YOUR INSTRUCTIONS — Return each record verbatim, images excluded.

*** Opening of DATA TO EXAMINE ***

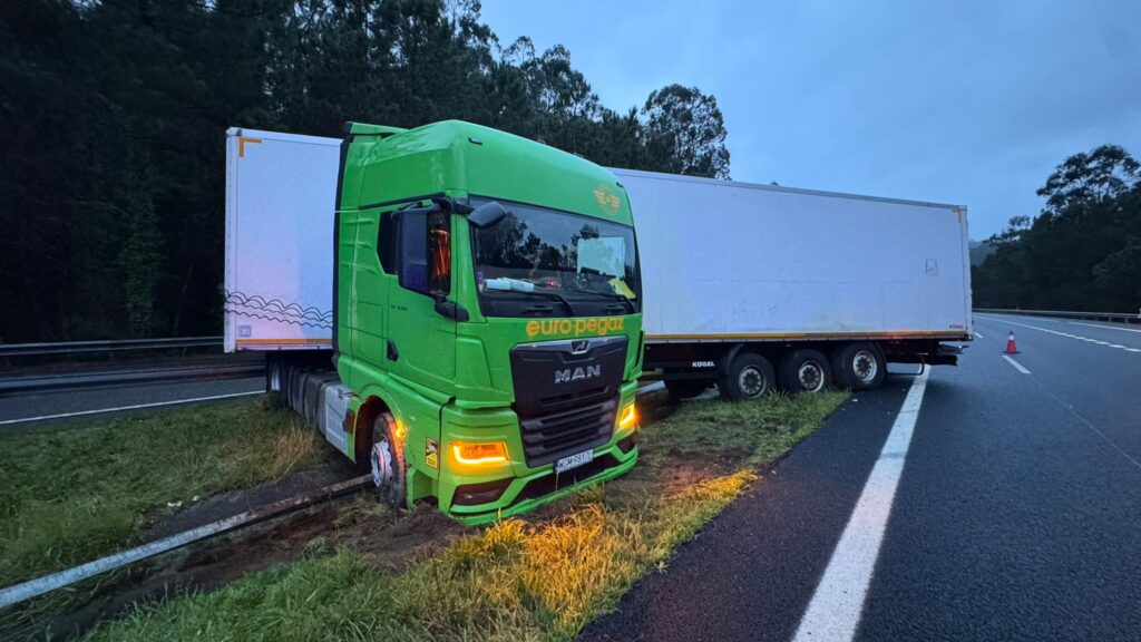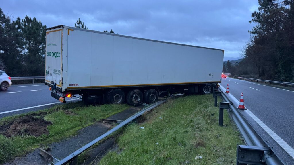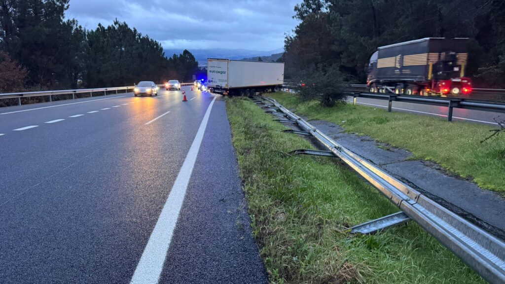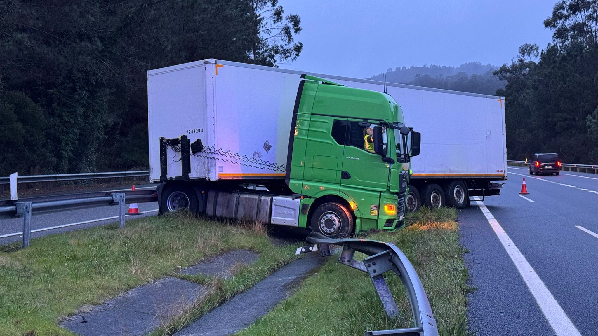 Sucedió a las seis y media de la mañana en el kilómetro 3, en la parroquia de Xinzo, en Ponteareas, cuando el camión, que circulaba en dirección Vigo, se salió de la vía por causas que, de momento, se desconocen.
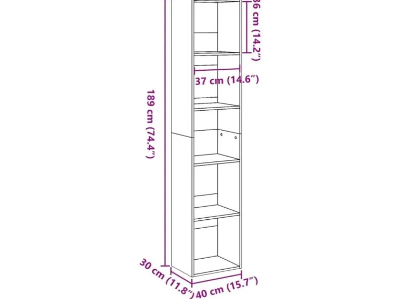 Abmessungen: 40 x 30 x 189 cm (B x T x H)
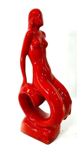 Nude Woman Art Sculpture - Natural Freeform Bright Red Orange Glazed - Sticker Lable - Fountains, Falls of Fantasies 14x6
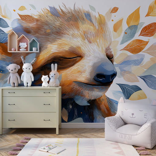 KidsWallTransformez la chambre de votre enfant avec ce papier peint pour enfants représentant un paresseux serein, entouré de feuilles aux couleurs chaleur...
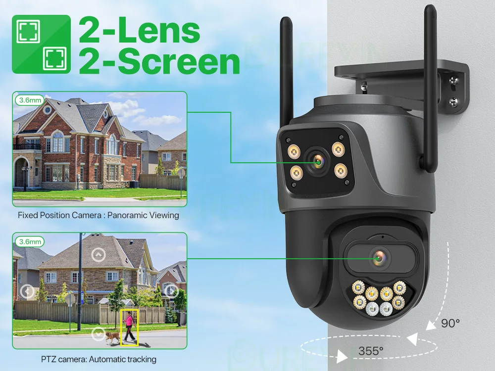 ●Tres lentes Sensor dual Tres pantallas, visualización gran angular + visualización de larga distancia para lograr un monitoreo claro desde lejos y cerca;
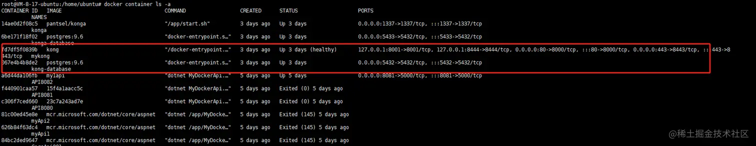 -e "KONG_PG_HOST=kong-database" \ 指定刚才创建的数据库名称
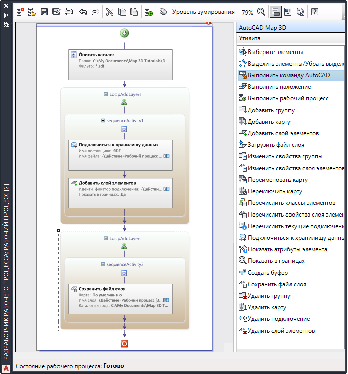 В данном случае действие «Для каждого» переименовано с использованием описательного названия «Повторить добавление слоев». Это действие анализирует каждый файл SDF в папке, указанной при выполнении действия «Показать содержимое папки». Для каждого повтора выполняется подключение к файлу SDF и добавление слоя элементов в Диспетчер отображения.
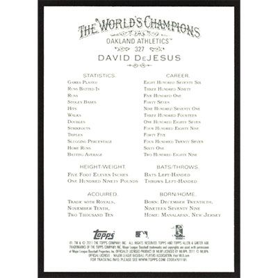 This is a 2011 Topps Allen & Ginter David DeJesus short print baseball card. The card is #327 and pictures show condition.
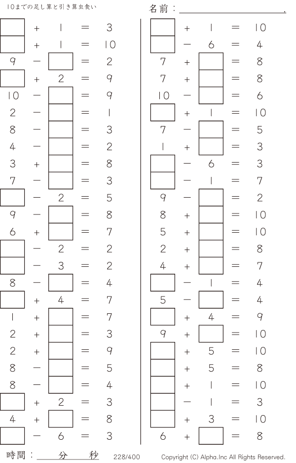 上記のボタンから「10までの足し算と引き算」の算数数学ドリル・計算ドリル(PDFプリント)がダウンロードできます。個人利用は無料です(家庭以外での配布は有料です)。
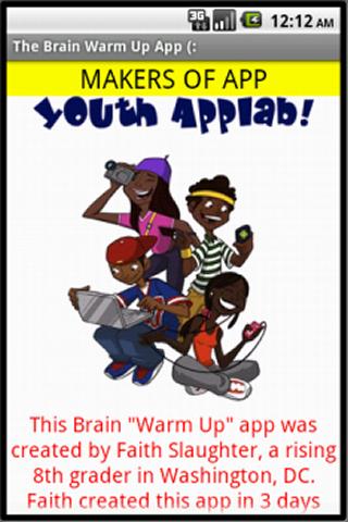 The Brain Warm Up app was created by Faith Slaughter, a rising 8th grader in Washington, DC. This app took three days to make.
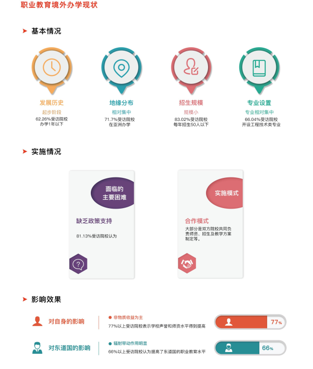 针对职业院校境外办学现状,报告指出,大部分受访院校境外办学尚处于起步阶段,办学历史短、办学规模小、地缘分布和专业设置相对集中;办学模式主要为合作模式,双方共同负责师资派遣、招生和制定教学方案等。境外办学效果以非物质收益为主,经济收益较少;对东道国的辐射带动作用明显,有助于东道国提升职业教育水平、更新教育理念与方法。
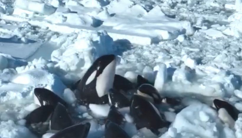 L’operatore che ha pubblicato il video sulla pagina dell’associazione ha sottolineato di aver visto 13 orche con le teste che uscivano da un buco nel ghiaccio. “Sembrava che avessero difficoltà a respirare e c’erano almeno tre o quattro piccoli”.
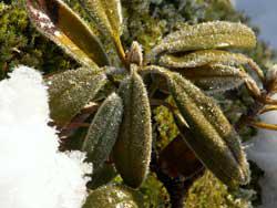 雪の中で寒さに耐えるシャクナゲの写真です。もし、山の木々や花々が言葉を話すようになれば、私たちは山に行こうとは思わなくなるのかもしれません。静かな自然だからこそ、心が落ち着き癒されるのかもしれませんね。
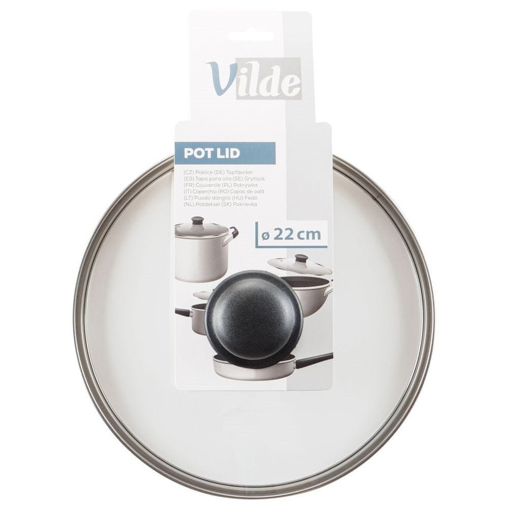 Univerzalni stekleni pokrov, idealen za lonce, ponve in cvrtje s premerom 22 cm. Izdelan je iz trpežnih in trdnih materialov. Odličen dodatek k vsakemu loncu ali ponvi, ki še nima pokrova. Klasična oblika zagotavlja udobno uporabo. Pokrov je bistvenega pomena v vsaki kuhinji. Pomaga, da se hrana hitreje kuha in ščiti pred brizganjem. Poleg tega pokrov pomaga, da hrana ostane dlje topla. Originalni izdelek Vilde. Izdelano v skladu z evropskimi standardi.
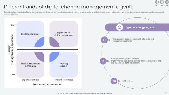 This slide defines the portfolio of digital change agents as instrumental in accelerating innovation. It consists of details related to facilitating digital literacy, collaboration, and accelerating progress, requiring recognition and support from the leadership. If you are looking for a format to display your unique thoughts, then the professionally designed Different Kinds Of Digital Change Agents Of Change Pioneers PPT PowerPoint CM SS V is the one for you. You can use it as a Google Slides template or a PowerPoint template. Incorporate impressive visuals, symbols, images, and other charts. Modify or reorganize the text boxes as you desire. Experiment with shade schemes and font pairings. Alter, share or cooperate with other people on your work. Download Different Kinds Of Digital Change Agents Of Change Pioneers PPT PowerPoint CM SS V and find out how to give a successful presentation. Present a perfect display to your team and make your presentation unforgettable. This slide defines the portfolio of digital change agents as instrumental in accelerating innovation. It consists of details related to facilitating digital literacy, collaboration, and accelerating progress, requiring recognition and support from the leadership.
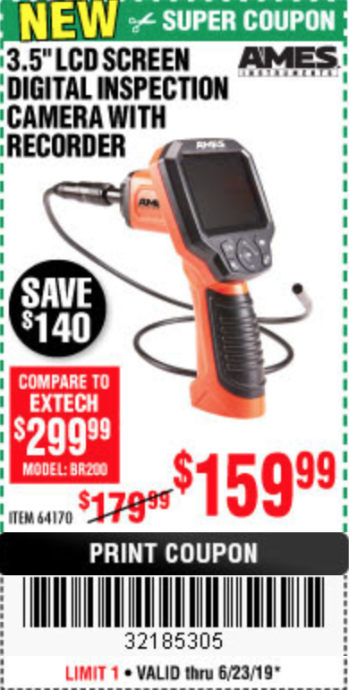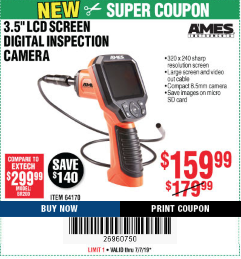 3.5" DIGITAL INSPECTION CAMERA WITH RECORDER Lot No. 64170 Expired: 7/7/19 - $159.99 Coupon Code: '26960750'
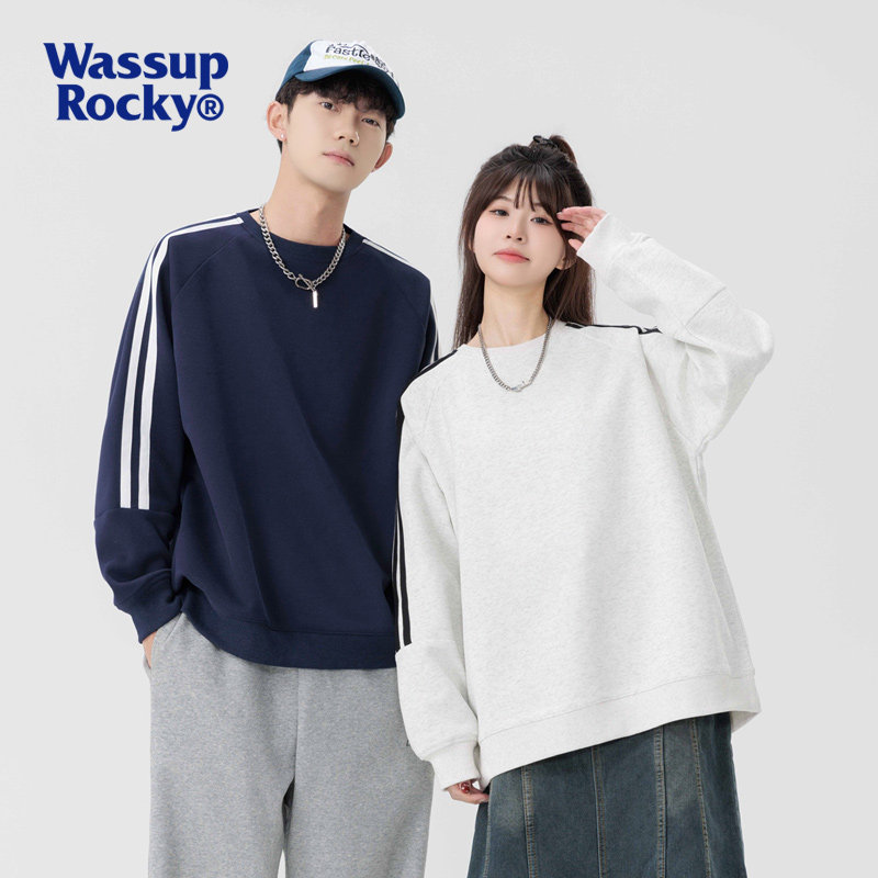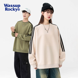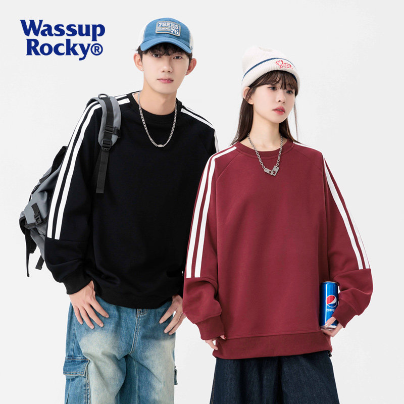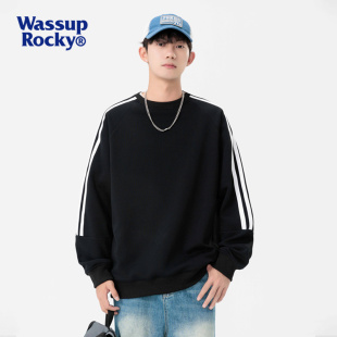 潮牌圆领打底衫 卫衣男秋冬新款 宽松休闲上衣 ROCKY条纹长袖 WASSUP
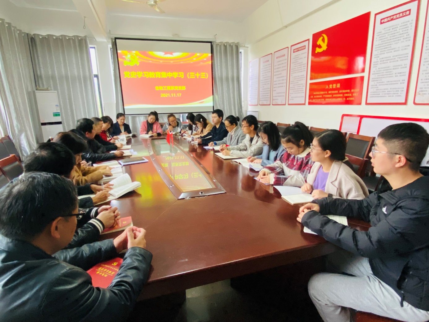 11月17日,万象城官网生物工程系党支部召开党史学习教育集中学习会,全体党员参加了此次学习会,会议由支部书记主持。
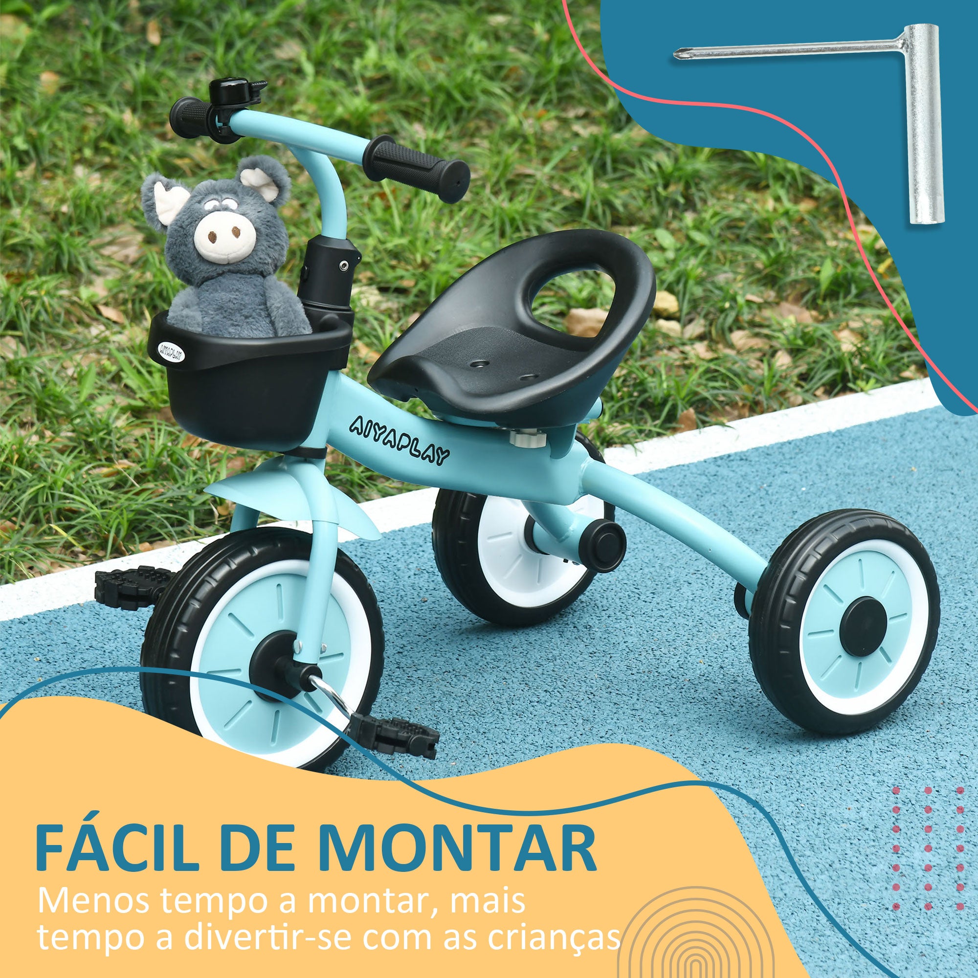 - 5 anos. Requer montagem Deixem os pequenos embarcarem em inúmeras aventuras com este triciclo para crianças da AIYAPLAY. Fabricado com uma estrutura resistente e rodas de EVA, este triciclo é resistente e seguro. Esta equipado com uma campainha e um pequeno cesto para uma maior diversão. Além disso, o assento pode ser ajustado para frente e para trás, ideal para adaptarse a cada criança. Preparese para ver as habilidades do seu filho florescerem enquanto se divertem ao ar livre!
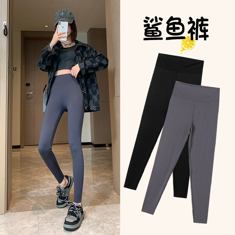 鲨鱼皮打底裤外穿春夏2025年新款高腰收腹提臀九分大码瑜伽休闲裤

*** Close of DATA TO EXAMINE ***

PROBLEM SOLUTION —
 Sucedió a las seis y media de la mañana en el kilómetro 3, en la parroquia de Xinzo, en Ponteareas, cuando el camión, que circulaba en dirección Vigo, se salió de la vía por causas que, de momento, se desconocen.
 Abmessungen: 40 x 30 x 189 cm (B x T x H)
 Nude Woman Art Sculpture - Natural Freeform Bright Red Orange Glazed - Sticker Lable - Fountains, Falls of Fantasies 14x6
 KidsWallTransformez la chambre de votre enfant avec ce papier peint pour enfants représentant un paresseux serein, entouré de feuilles aux couleurs chaleur...
 ●Tres lentes Sensor dual Tres pantallas, visualización gran angular + visualización de larga distancia para lograr un monitoreo claro desde lejos y cerca;
 -e "KONG_PG_HOST=kong-database" \ 指定刚才创建的数据库名称
 В данном случае действие «Для каждого» переименовано с использованием описательного названия «Повторить добавление слоев». Это действие анализирует каждый файл SDF в папке, указанной при выполнении действия «Показать содержимое папки». Для каждого повтора выполняется подключение к файлу SDF и добавление слоя элементов в Диспетчер отображения.
 This is a 2011 Topps Allen & Ginter David DeJesus short print baseball card. The card is #327 and pictures show condition.
 上記のボタンから「10までの足し算と引き算」の算数数学ドリル・計算ドリル(PDFプリント)がダウンロードできます。個人利用は無料です(家庭以外での配布は有料です)。
 The Brain Warm Up app was created by Faith Slaughter, a rising 8th grader in Washington, DC. This app took three days to make.
 针对职业院校境外办学现状,报告指出,大部分受访院校境外办学尚处于起步阶段,办学历史短、办学规模小、地缘分布和专业设置相对集中;办学模式主要为合作模式,双方共同负责师资派遣、招生和制定教学方案等。境外办学效果以非物质收益为主,经济收益较少;对东道国的辐射带动作用明显,有助于东道国提升职业教育水平、更新教育理念与方法。
 L’operatore che ha pubblicato il video sulla pagina dell’associazione ha sottolineato di aver visto 13 orche con le teste che uscivano da un buco nel ghiaccio. “Sembrava che avessero difficoltà a respirare e c’erano almeno tre o quattro piccoli”.
 雪の中で寒さに耐えるシャクナゲの写真です。もし、山の木々や花々が言葉を話すようになれば、私たちは山に行こうとは思わなくなるのかもしれません。静かな自然だからこそ、心が落ち着き癒されるのかもしれませんね。
 Univerzalni stekleni pokrov, idealen za lonce, ponve in cvrtje s premerom 22 cm. Izdelan je iz trpežnih in trdnih materialov. Odličen dodatek k vsakemu loncu ali ponvi, ki še nima pokrova. Klasična oblika zagotavlja udobno uporabo. Pokrov je bistvenega pomena v vsaki kuhinji. Pomaga, da se hrana hitreje kuha in ščiti pred brizganjem. Poleg tega pokrov pomaga, da hrana ostane dlje topla. Originalni izdelek Vilde. Izdelano v skladu z evropskimi standardi.
 This slide defines the portfolio of digital change agents as instrumental in accelerating innovation. It consists of details related to facilitating digital literacy, collaboration, and accelerating progress, requiring recognition and support from the leadership. If you are looking for a format to display your unique thoughts, then the professionally designed Different Kinds Of Digital Change Agents Of Change Pioneers PPT PowerPoint CM SS V is the one for you. You can use it as a Google Slides template or a PowerPoint template. Incorporate impressive visuals, symbols, images, and other charts. Modify or reorganize the text boxes as you desire. Experiment with shade schemes and font pairings. Alter, share or cooperate with other people on your work. Download Different Kinds Of Digital Change Agents Of Change Pioneers PPT PowerPoint CM SS V and find out how to give a successful presentation. Present a perfect display to your team and make your presentation unforgettable. This slide defines the portfolio of digital change agents as instrumental in accelerating innovation. It consists of details related to facilitating digital literacy, collaboration, and accelerating progress, requiring recognition and support from the leadership.
 3.5" DIGITAL INSPECTION CAMERA WITH RECORDER Lot No. 64170 Expired: 7/7/19 - $159.99 Coupon Code: '26960750'
 潮牌圆领打底衫 卫衣男秋冬新款 宽松休闲上衣 ROCKY条纹长袖 WASSUP
 11月17日,万象城官网生物工程系党支部召开党史学习教育集中学习会,全体党员参加了此次学习会,会议由支部书记主持。
 - 5 anos. Requer montagem Deixem os pequenos embarcarem em inúmeras aventuras com este triciclo para crianças da AIYAPLAY. Fabricado com uma estrutura resistente e rodas de EVA, este triciclo é resistente e seguro. Esta equipado com uma campainha e um pequeno cesto para uma maior diversão. Além disso, o assento pode ser ajustado para frente e para trás, ideal para adaptarse a cada criança. Preparese para ver as habilidades do seu filho florescerem enquanto se divertem ao ar livre!
 鲨鱼皮打底裤外穿春夏2025年新款高腰收腹提臀九分大码瑜伽休闲裤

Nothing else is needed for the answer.